Xavier Guillory

No. 16 – Baltimore Ravens
- Position: Wide receiver
- Roster status: Practice squad

Personal information
- Born: July 13, 2001 (age 25) Lewiston, Idaho, U.S.
- Listed height: 6 ft 2 in (1.88 m)
- Listed weight: 210 lb (95 kg)

Career information
- High school: Lewis and Clark (Spokane, Washington)
- College: Idaho State (2020–2022) Arizona State (2023–2024)
- NFL draft: 2025: undrafted

Career history
- Baltimore Ravens (2025–present)*;
- * Offseason or practice squad member only
- Stats at Pro Football Reference

= Xavier Guillory =

American football player (born 2001)

Xavier Guillory (born July 13, 2001) is an American professional football wide receiver for the Baltimore Ravens of the National Football League (NFL). He played college football for the Idaho State Bengals and Arizona State Sun Devils.

==Early life==
Guillory attended Lewis and Clark High School in Spokane, Washington. As a senior, he hauled in 45 passes for 725 yards and 11 touchdowns. Coming out of high school, Guillory was rated as a three-star recruit and the 2,338th overall recruit in the 2020 class, where he committed to play college football for the Idaho State Bengals.

==College career==
=== Idaho State ===
As a freshman in 2020, Guillory tallied 21 catches for 264 yards and one touchdown. In 2021, he recorded 20 receptions for 259 yards and one touchdown. During the 2022 season, Guillory notched 52 receptions for 785 yards and four touchdowns in ten games. After the conclusion of the 2022 season, he decided to enter his name into the NCAA transfer portal.

=== Arizona State ===
Guillory transferred to play for the Arizona State Sun Devils. In the 2023 season opener, he hauled in a 47-yard touchdown in a win over Southern Utah. In his first season as a Sun Devil in 2023, Guillory tallied 21 catches for 226 yards and one touchdown. In the 2024 Big 12 Championship Game, he hauled in two touchdowns, as he helped the Sun Devils clinch a spot in the College Football Playoffs with a win over Iowa State.

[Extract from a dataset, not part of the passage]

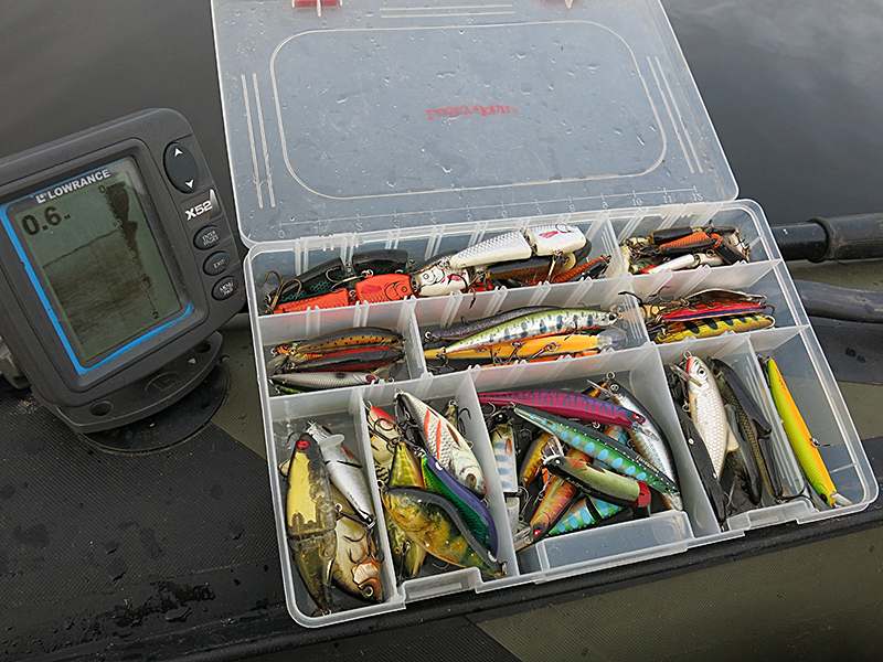 В любом случае приспособиться ловить даже на полуметровых глубинах можно. В первую очередь внимание уделить нужно выбору приманок. Типы их могут самыми разными – воблеры, вертушки и колебалки, свимбейты и джеркбейты, и т.д. Обычно они разложены у меня по разным коробкам, но перед предстоящей рыбалкой на мелководном водоеме, собираю одну какую-то общую. Что может попасть в такой мелководный набор, сейчас и расскажу.

During the 2024 season, Guillory hauled in 22 passes for 339 yards and five touchdowns.

==Professional career==

Pre-draft measurables
| Height | Weight | Arm length | Hand span | Wingspan | 40-yard dash | 10-yard split | 20-yard split | 20-yard shuttle | Three-cone drill | Vertical jump | Broad jump | Bench press |
| 6 ft 1+7⁄8 in (1.88 m) | 201 lb (91 kg) | 30+5⁄8 in (0.78 m) | 8+1⁄2 in (0.22 m) | 6 ft 2+1⁄2 in (1.89 m) | 4.58 s | 1.55 s | 2.59 s | 4.34 s | 6.91 s | 39.0 in (0.99 m) | 10 ft 8 in (3.25 m) | 15 reps |
All values from Pro Day

===Baltimore Ravens===
Guillory signed with the Baltimore Ravens as an undrafted free agent on May 4, 2025. He was waived on August 26, as part of final roster cuts.

On April 20, 2026, Guillory re-signed with the Ravens. On August 30, Guillory was waived and re-signed to the practice squad the next day.

==Personal life==
Guillory was born in Lewiston, Idaho, as one of five children. Both of Guillory's are citizens of the Nez Perce Tribe of Idaho, while his father is half-Black, half-Nez Perce.

On October 28, 2022, Guillory was arrested by Pocatello police at 11:13 p.m. on a DUI.